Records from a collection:
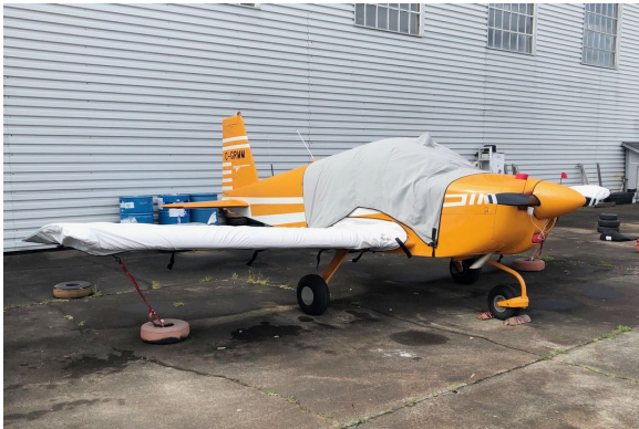
Grumman AA1B Yankee Wing Covers & Engine Inlet Plugs
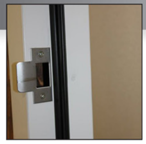
The 1795 has a dual contact jamb weatherstrip for improved weather sealing.
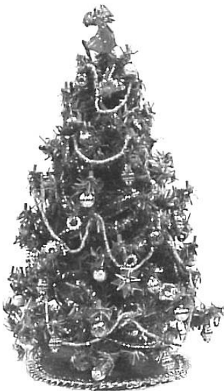
Olde World Christmas

These Designer Christmas Trees feature all the ornaments and decorations needed to decorate an 8” tree (not included in K & D). No more searching all over for just the right trims to go together and buying huge packages of beads, etc. when only a few are needed. Everything is right here! A generous supply of decorations allows for extras to trim matching garlands, wreaths, etc. if the back of the tree is not decorated or a smaller tree is used. The kits and decorations packages include directions to make a tree using craft pine. Each Designer Christmas Tree is available in the following 3 packages: the kit package (K) includes all the parts to make ornaments, garlands, tree skirt, trims and tree topper with complete instructions on decoration assembly for tree trimming as well as suggestions for decorating the tree. The decorations package (D) includes pre-assembled decorations and suggestions for tree trimming. The tree package (T) includes a complete, 8” craft pine tree with all trimmings and decorations in place, ready to display.
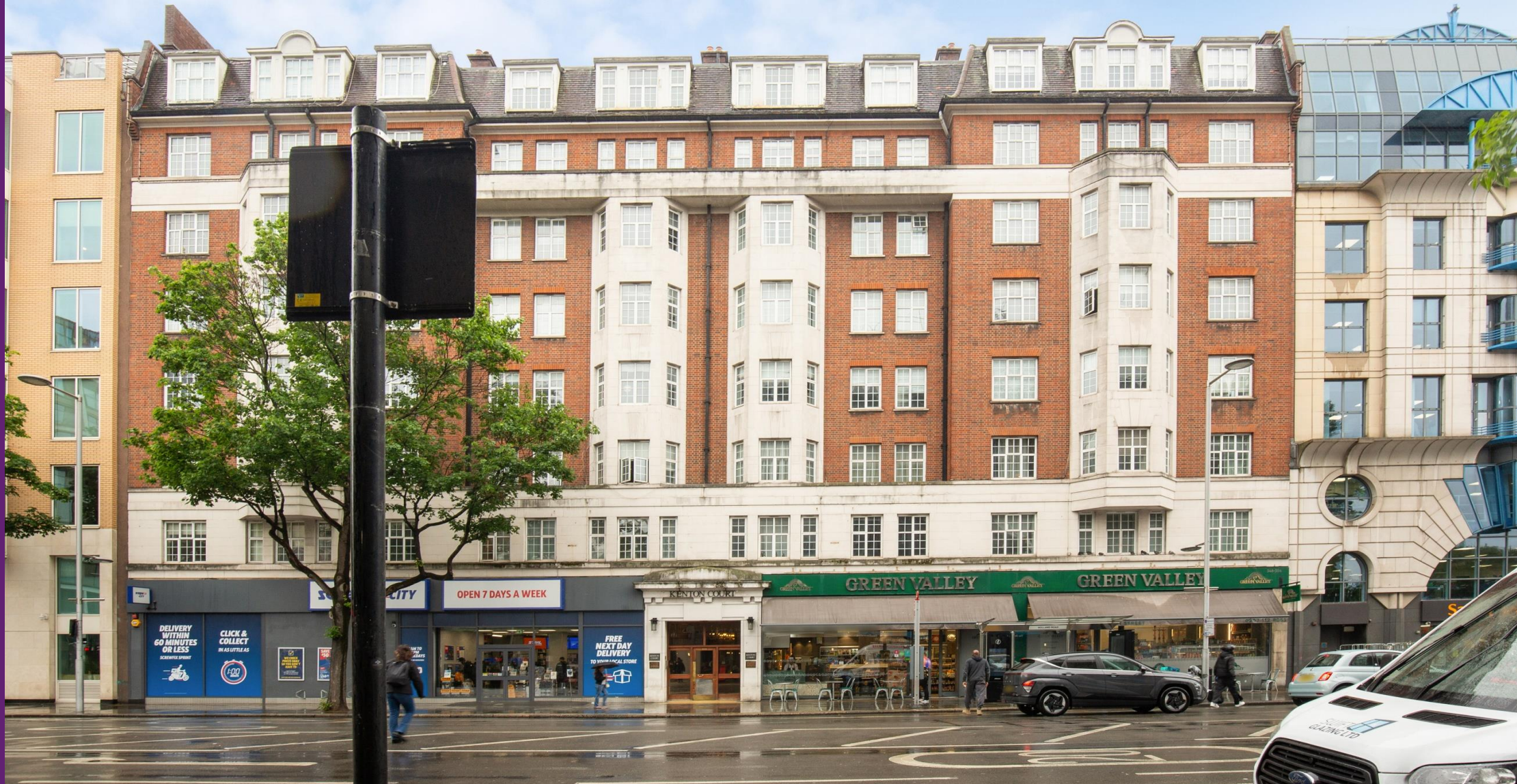
Kenton Court Kensington High Street, W14
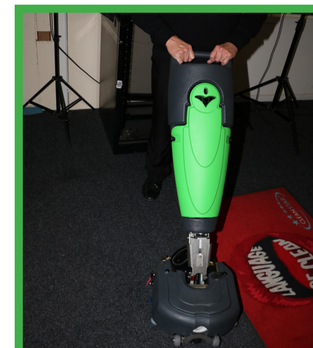
10. MACHINE IS READY FOR USE
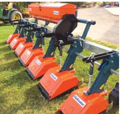
Ford Multivator wider unit shown with optional fertilizer box.

Contact: FARM SHOW Followup, Earl Pancoast, 556 Cross Rd., Salem, N.J. 08079 (ph 856-491-3815).
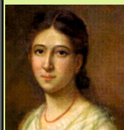
Founder – Venerable Pauline Marie Jaricot

The Pontifical Mission Organization (PMO) in India collaborates with the local Church to enhance passionate participation in achieving goals and objectives of the 4 Pontifical Mission Societies:
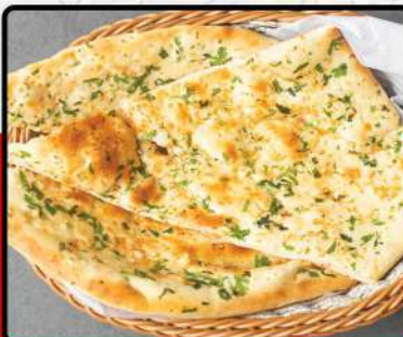
GARLIC NAAN (大蒜烤饼)
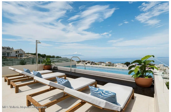
MI S Vallarta Nayarit Compostela
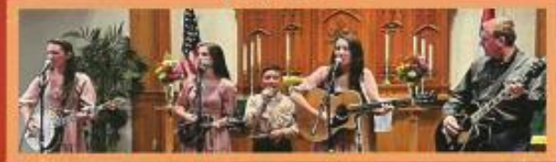
Roller Family Bluegrass, New Richmond, MN
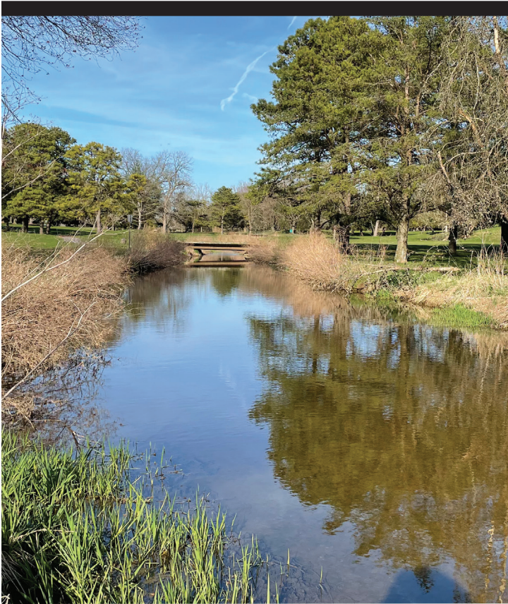
LOCH NAIRN PRESEVED!
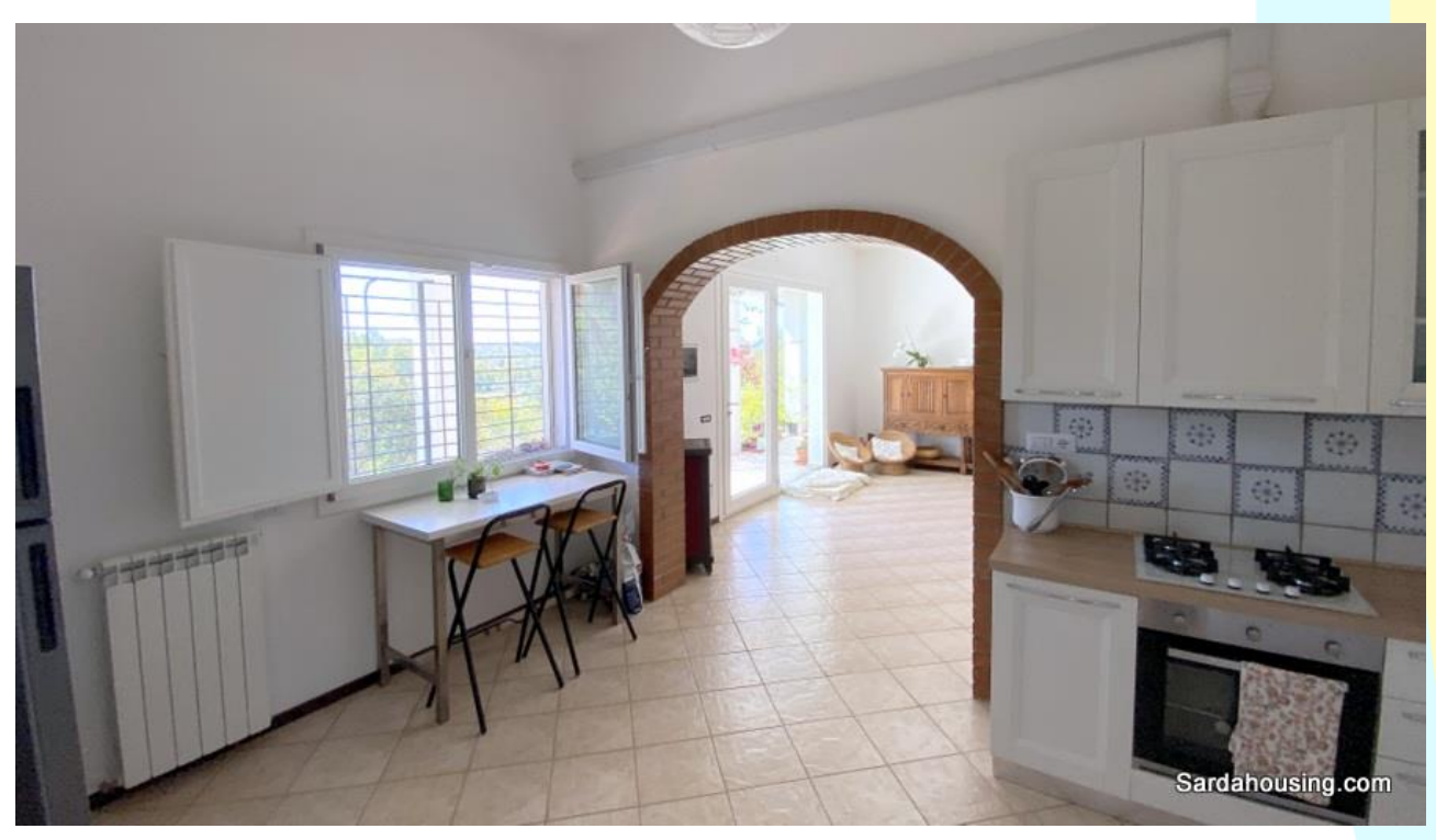
8 - Villa Nuxedda – Maracalagonis countryside – living area from the open kitchen
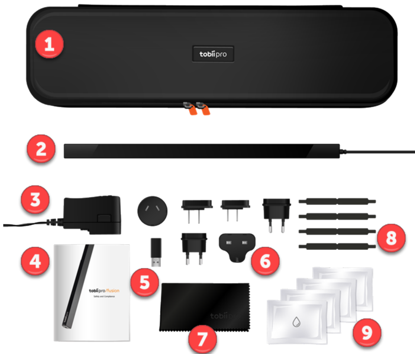
Figure 2. What's in the Pro Fusion box
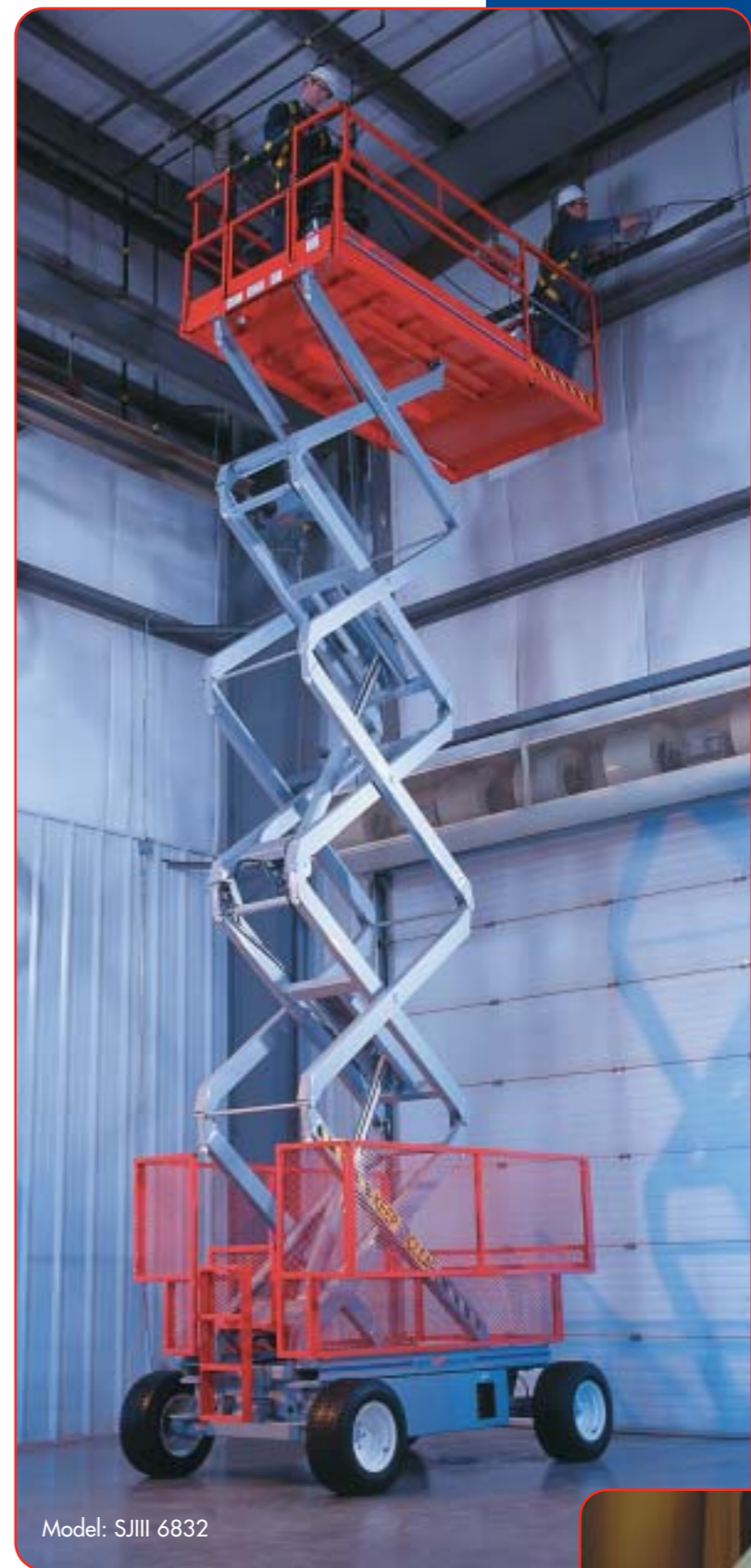
Model: SJIII 6832

The Conventionals offer high capacity, large platform areas, battery power and joystick proportional control for drive/lift functions. With working heights up to 11,6m, 25% gradeability and load capacities up to 590kg, Conventionals are suitable for any on-slab application.
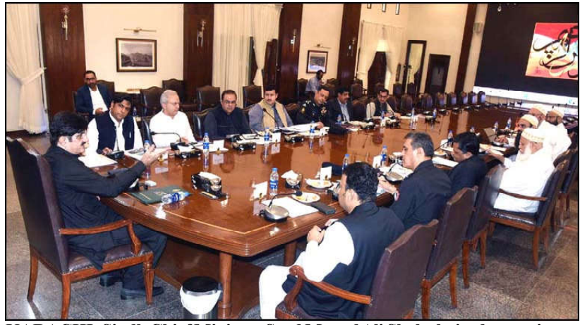
KARACHI: Sindh Chief Minister, Syed Murad Ali Shah chaired a meeting to review the arrangement for the arrival of Bohra Jamat Spiritual Leader Syedna Mufaddal Saifuddin held at CM House in Karachi.
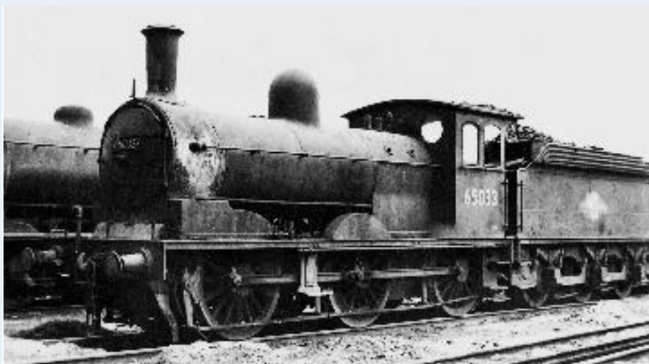
Four Class J21 0-6-0s remained in service in 1960 but were withdrawn shortly afterwards. No.65033, shown at South Blyth, was a regular visitor to Bedlington on local goods workings.

In 1901 it was reported in The Engineer that a T Class had hauled a demonstration train weighing 1,326 tons at Tyne Dock. It covered eleven miles in 52 minutes. Similar trials followed at Blyth —

**What you are asked to do:**
Output only the lines from the start of the data through the line that holds "Olde World Christmas". Keep them exact and leave the pictures out.

**Task output:**
Grumman AA1B Yankee Wing Covers & Engine Inlet Plugs
The 1795 has a dual contact jamb weatherstrip for improved weather sealing.
Olde World Christmas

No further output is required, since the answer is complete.